Dr. Ferguson’s research interests focus predominantly on airways diseases, primarily COPD and asthma. He is published extensively in peer review journals and textbooks and has lectured nationally and internationally in his fields of interest. He is on the editorial board of the journal J COPD Foundation and regularly reviews research for several journals and for national granting agencies.
Professor Rabe has been active in various fields of respiratory medicine worldwide. His current scientific interests are related to large clinical trials in COPD and asthma, the mechanisms of airway inflammation and the endoscopic staging of lung cancer. Professor Rabe has been involved in many major COPD trials, including the pivotal roflumilast studies. Professor Rabe is Past President of ERS and currently serves as Vice Chairman of the German Center for Lung Research. He is the current President of the German Chest Society and a member of the British Pharmacological Society and the American Thoracic Society. He has served on committees for both the Global Initiative for Asthma (GINA) and the Global Initiative for Chronic Obstructive Lung Disease (GOLD). Professor Rabe was the first European Associate Editor of the American Journal of Respiratory and Critical Care Medicine, and is past Chief Editor of the European Respiratory Journal. He is currently an editorial board member for several scientific journals.
Professor Singh graduated from Cambridge University and trained in clinical pharmacology and respiratory medicine in Manchester, including postgraduate research. His research interest is the development of new drugs for asthma and COPD, involving clinical trials, biomarker studies and basic mechanisms. He has over 200 publications in peer reviewed journals, and is a member of the Global Initiative for Chronic Obstructive Lung Disease (GOLD) Science Committee. He is a professor of clinical pharmacology and respiratory medicine at the University of Manchester, and the medical director of the Medicines Evaluation Unit, which performs both early and late phase clinical trials.
Wisia Wedzicha is Professor of Respiratory Medicine and Head of the Airways Division at the National Heart and Lung Institute, Imperial College, UK. She qualified from Somerville College, Oxford University and St Bartholomew’s Hospital Medical College, University of London. She was elected as Fellow of the Academy of Medical Sciences (FMedSci) in 2013 and is a National Institute of Health Research (NIHR) Senior Investigator. She received the Helmholtz International Fellow Award in 2014 and she delivered the Samuel Gee lecture at the Royal College of Physicians in 2016.

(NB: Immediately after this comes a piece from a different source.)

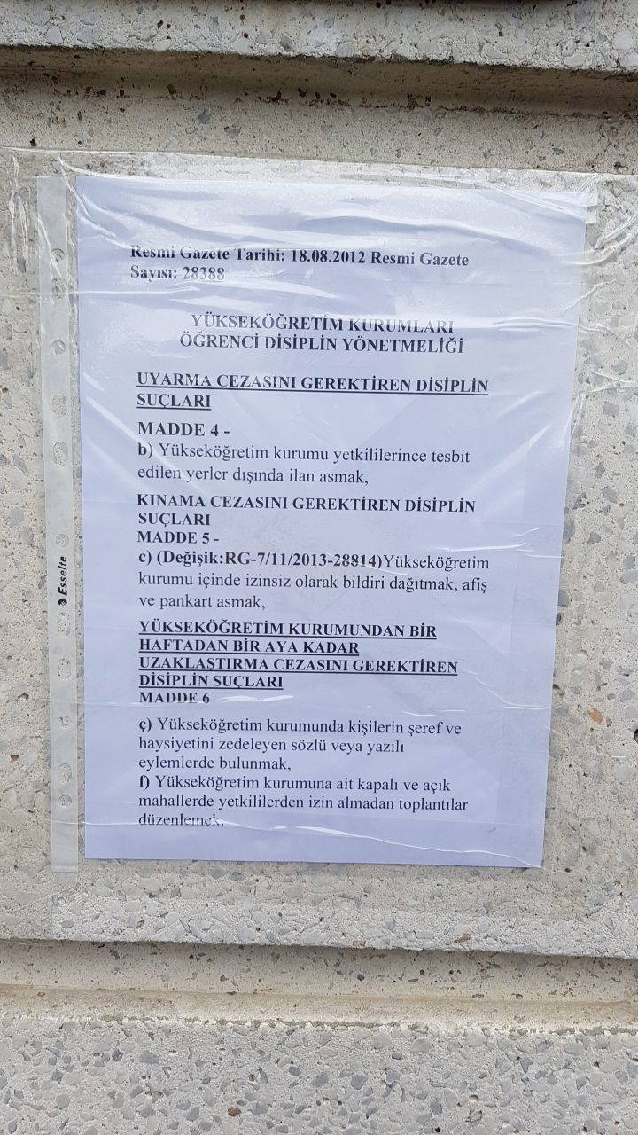 Kağıtta, belirlenen yerler dışına asılan afişlerin uyarı, izinsiz bildiri ve afiş dağıtımının kınama; izinsiz toplantıların ise uzaklaştırma ile cezalandırılacağı vurgulandı.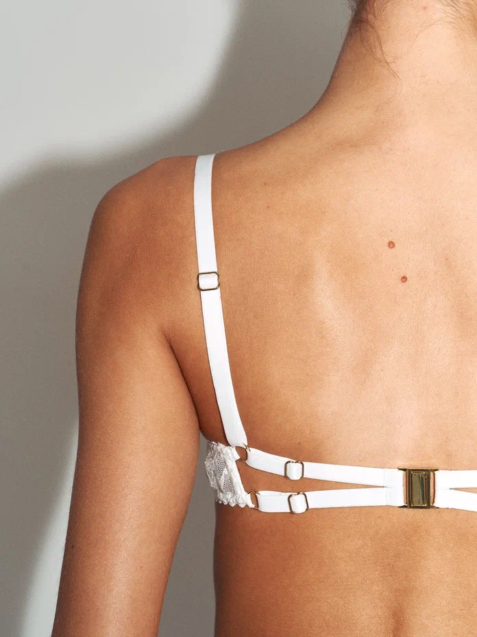 тонкой бельевой сетки, создающей лёгкий и чувственный образ. Регулируемая посадка обеспечивает идеальную фиксацию по фигуре, а золотистые сердечки добавляют модели утончённый романтичный акцент.

Professor Wedzicha has a major interest in the causes, mechanisms, impact and prevention of COPD exacerbations, and in the role of bacterial and viral infection in COPD exacerbations. She directs an active research group specialising in COPD exacerbations, and has published extensively on this topic.

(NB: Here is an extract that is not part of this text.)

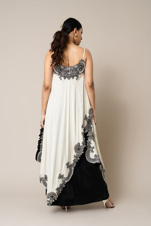 • Off-white hand embroidered strappy singlet top with black satin circular gather skirt
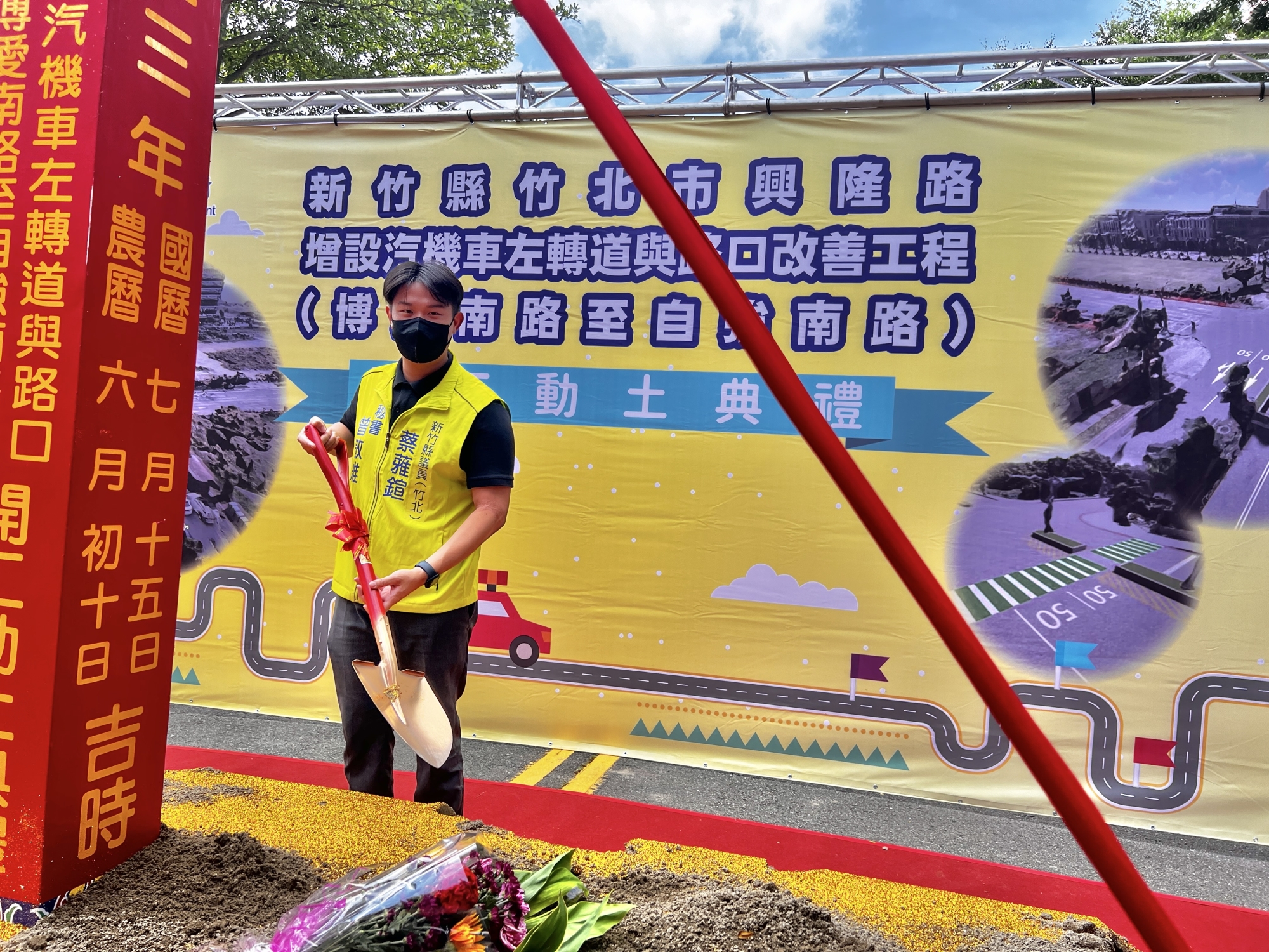 內政部國土管理署補助新竹縣政府辦理「校園周邊暨行車安全道路改善計畫-新竹縣竹北市興隆路增設汽機車左轉道與路口改善工程(博愛南路至自強南路)」,今(15)日上午舉行開工動土典禮,由新竹縣長楊文科、內政部國土管理署北區都市基礎工程分署署長曾正宗,與新竹縣多名議員等出席,期望透過此工程改善9處路口,提升道路使用的便利性,及行人、及汽機車駕駛的整體安全。

Professor Wedzicha chaired the English Department of the Health Home Oxygen Clinical User Group, and was a member of the Guideline Development Group for the revision of the National Institute for Healthcare and Clinical Excellence COPD Guidelines. She was a member of the Programme Board for the COPD National Clinical Strategy.

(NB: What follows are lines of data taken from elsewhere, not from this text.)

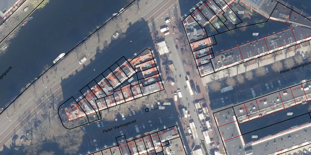 Het perceel waarop Dapperstraat 8-2 staat heeft een oppervlakte van 63 m². Dit is een klein perceel. De perceeloppervlakte wordt geregistreerd door het Kadaster. Gedetailleerde informatie over de maten van dit perceel kunt u vinden in het rapport Kadastrale kaart met maatvoering van Dapperstraat 8-2.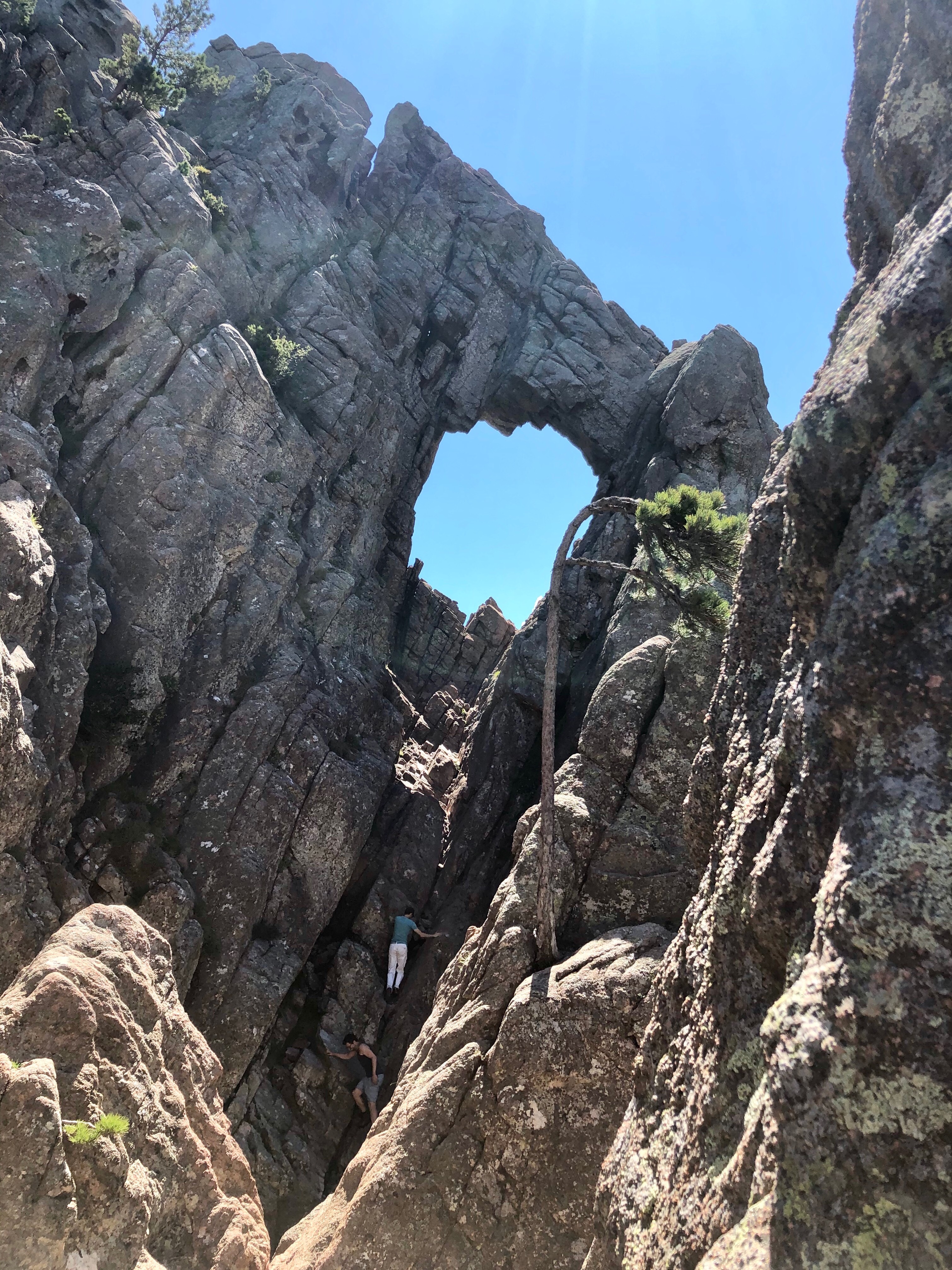 Randonnée incontournable du massif de Bavella. En été, il est nécessaire d’arriver assez tôt au parking pour trouver de la place et ne pas marcher à la queue leu-leu. On réalise une boucle de 6,6 km jusqu’au trou de la bombe, un cratère vertical dans une paroi rocheuse. Nous n’avons pas fait l’escalade jusqu’au trou ! Peu de vues tout au long, parfois des vaches qui partagent le chemin. Bien qu’une grande partie de la rando ne présente aucune difficulté, il faut être bien chaussé pour passer la partie rocheuse à la fin.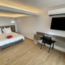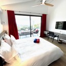 Bedroom 3: Lower floor bedroom with a king-size bed (can be converted into two single beds), A/C, TV, WiFi, view of mountains and ocean, and en-suite bathroom with shower, vanity, and WC. 2 guests maximum.

Professor Wedzicha was Editor-in-Chief of Thorax from 2002 to 2010, and is a member of the BioMed Central advisory board. She is currently Editor in Chief for the American Journal of Respiratory and Critical Care Medicine. In addition, she is on the editorial boards of a number of international journals. She was the Lancet Ombudsman till 2014, Publications Director for the European Respiratory Society (ERS) and has also previously been ERS Guidelines Director.